Both Lasso models yielded comparable results, with the estimated parameters being quite similar. The Lagrangian Lasso model, however, has a lower intercept, compensated by a higher coefficient on the 'Height' variable.

While we can adjust parameters to achieve similar outcomes using different regularization methods, identical results are not guaranteed.
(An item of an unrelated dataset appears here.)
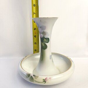 Antique Nippon Porcelain Hat Pin Holder Hand-Painted Floral & Gold Early 1900s
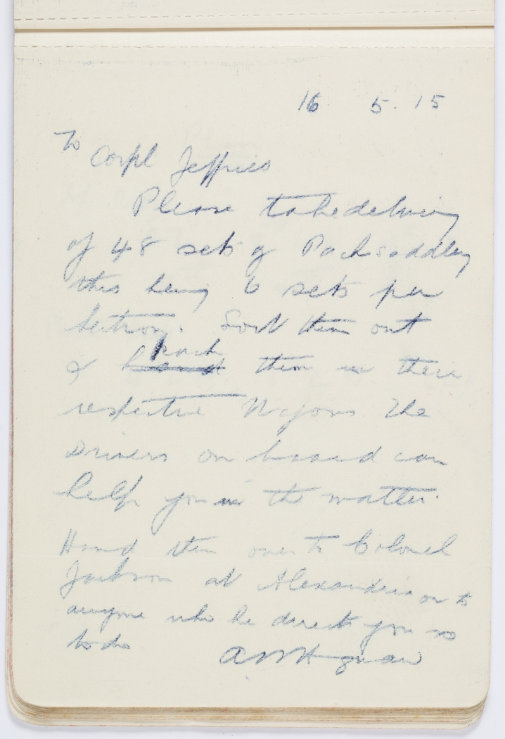 Please take delivery of 48 sets if Pack Saddlery this being 6 sets per Section. Sort them out & pack them in their respective Wagons The Drivers on board can help you in the matter.

One straightforward scenario where both models yield the same solution is when the Lagrangian multiplier is zero, and the regularization bound is set to a very large value (e.g., 1e10).


# Sklearn Lasso 

In [31]:
from sklearn.linear_model import Lasso

alpha = 15000
sklearn_alpha = alpha / (2 * df[INDEPENDENT_COLS].shape[0])
train_report_model(_model=Lasso, X_train=df[INDEPENDENT_COLS], y_train=df[TARGET_COL], params={"alpha": sklearn_alpha})

R2 Score: 0.8742777387832947
Intercept           -485.822443
Length1                1.023183
Length2               25.211748
Length3                0.000000
Height                16.043920
Width                  0.000000
Rand1                 -0.055302
Rand2                  0.000000
Species_Bream         -0.000000
Species_Parkki        -0.000000
Species_Perch          0.000000
Species_Pike          -0.000000
Species_Roach         -0.000000
Species_Smelt          0.000000
Species_Whitefish      0.000000
Name: 0, dtype: float64


### Sklearn Lasso Summary
Sklearn's Lasso implementation normalizes the Squared Error by **(2 * n_samples)**. Therefore, to compansate for the difference in loss function, we need to divide the alpha value by **(2 * n_samples)** to get the same results as our previous Lasso models.